Hospital Data and Nursing-Sensitive Indicators
Hospital data on particular nursing-sensitive indicators can advance quality patient care throughout the hospital. For example, the data on the prevalence of pressure ulcers could be analyzed to determine best practices to reduce their occurrence. On the unit in the hospital where I work, an evidenced-based practice committee is in place to study issues such as pressure ulcers. They study what factors lead to the development of pressure ulcers in real-life scenerios, and thus develop best practice standards to determine how to prevent them from occurring. Hospital data on the use of restraint can also be analyzed to improve patient outcomes and satisfaction. This information could be scrutinized to determine if restraints were truly warranted in that particular situation, or if another method could have or should have been utilized first. Documentation should also be examined to determine if the patient was adequately cared for during this time period. In my hospital, the patient must be released from the restraints at least every two hours, and must be toileted at that time. The nurse must also do range of motion exercises with the extremities affected by the restraints. The skin and circulation should be assessed at this time. Every hour, the nurse is required to check the pulses in the extremity affected by the restraint. The nurse’s documentation should reflect that all of these assessments were performed and the appropriate precautions were taken.

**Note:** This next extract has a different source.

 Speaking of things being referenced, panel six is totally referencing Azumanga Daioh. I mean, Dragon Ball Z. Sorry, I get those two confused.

Analysis of System Resources
As the nursing supervisor in this scenario involving Mr. J, I would utilize several resources to address and resolve the ethical issue. When I was first informed of the kosher meal mix-up, I would have informed the patient’s daughter of the mistake, and would have notified the dietary department of the mix-up. I also would have informed staff on the floor of the non-kosher meal served, and ask them in the future to double-check that the meal being served is the one that was ordered.

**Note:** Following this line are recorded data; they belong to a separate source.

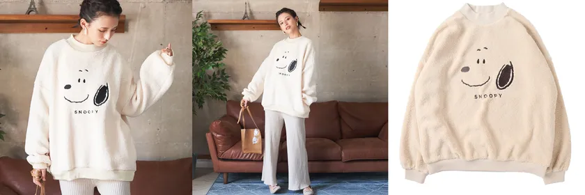 名称 : スヌーピーフェイス柄刺繍ボアトレーナー
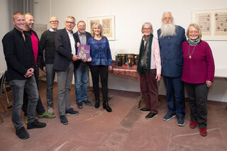 Landrat Stefan Dallinger (4.v.l.) präsentiert im Kreisarchiv den Krippenbildband Wunderbare Welt der Weihnachtskrippen im Rhein-Neckar-Kreis und in Heidelberg mit Autoren, Fotografin Burkhardt und Kunstschaffenden bzw. deren Angehörigen wie Wolfgang Maria Ohlhäuser (2.v.r.).
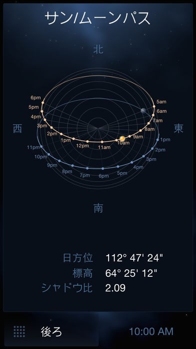 太陽と月の動きを一日かけて観測したいという方におススメです。太陽が出る瞬間から月が沈むまでをリアルタイムで捉えることが可能です。月に関しては夜に出る形が3Dグラフィックで表示されるので便利です。
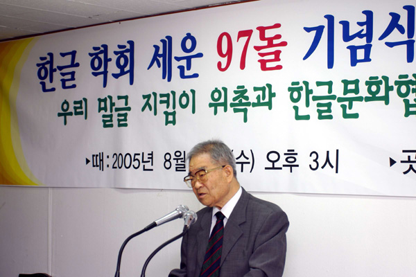 2005년 8월 31일 (수) 오후 3시부터 한글 회관 강당에서 있은 한글 학회 세운 97돌 기념 잔치의 한 모습입니다. 이 그림은 한글 학회 김 계곤 회장께서 인사말씀을 하고 있는 모습입니다. <찍은 이: 참말로, 2005년 8월 31일.>

Another ethical issue that was encountered in this scenario was the development of a pressure ulcer and the use of restraints. The scenario does not indicate that the patient was combative, nor does it indicate if other methods were used prior to the initiation of restraints. As the nursing supervisor, I would ask the appropriate resources to audit the documentation, and analyze whether restraints were warranted in this situation. The ethics committee should also evaluate the situation. The patient also developed a pressure ulcer on his lower back. Pressure ulcers can and should be prevented in the hospital setting. Turning and repositioning every two hours, proper and timely cleaning up of incontinent episodes, proper cushioning of bony prominences, and appropriate bed mattresses will prevent the development of pressure ulcers. As the nursing supervisor, I again would assess whether the patient was properly cared for using the above criteria. The ethics committee would also be appropriate to refer this case to. If necessary, I would work to arrange a training session to refresh the nurses’ knowledge of caring for a patient in restraints, as well as pressure ulcer prevention. A wound care nurse, if available, should be consulted to obtain her expert opinion on methods to reduce pressure ulcer formation in this particular patient.

In conclusion, the scenario involving Mr. J was teeming with ethical dilemmas. An appropriate use and understanding of nursing-sensitive indicators could have prevented many of the issues presented. The hospital should utilize the data collected from this situation to prevent similar issues from occurring in the future. Finally, as the nursing supervisor, there are many tactics that I could utilize to address and resolve the ethical predicaments presented, and several resources that I could refer to for assistance with addressing the ethical issues.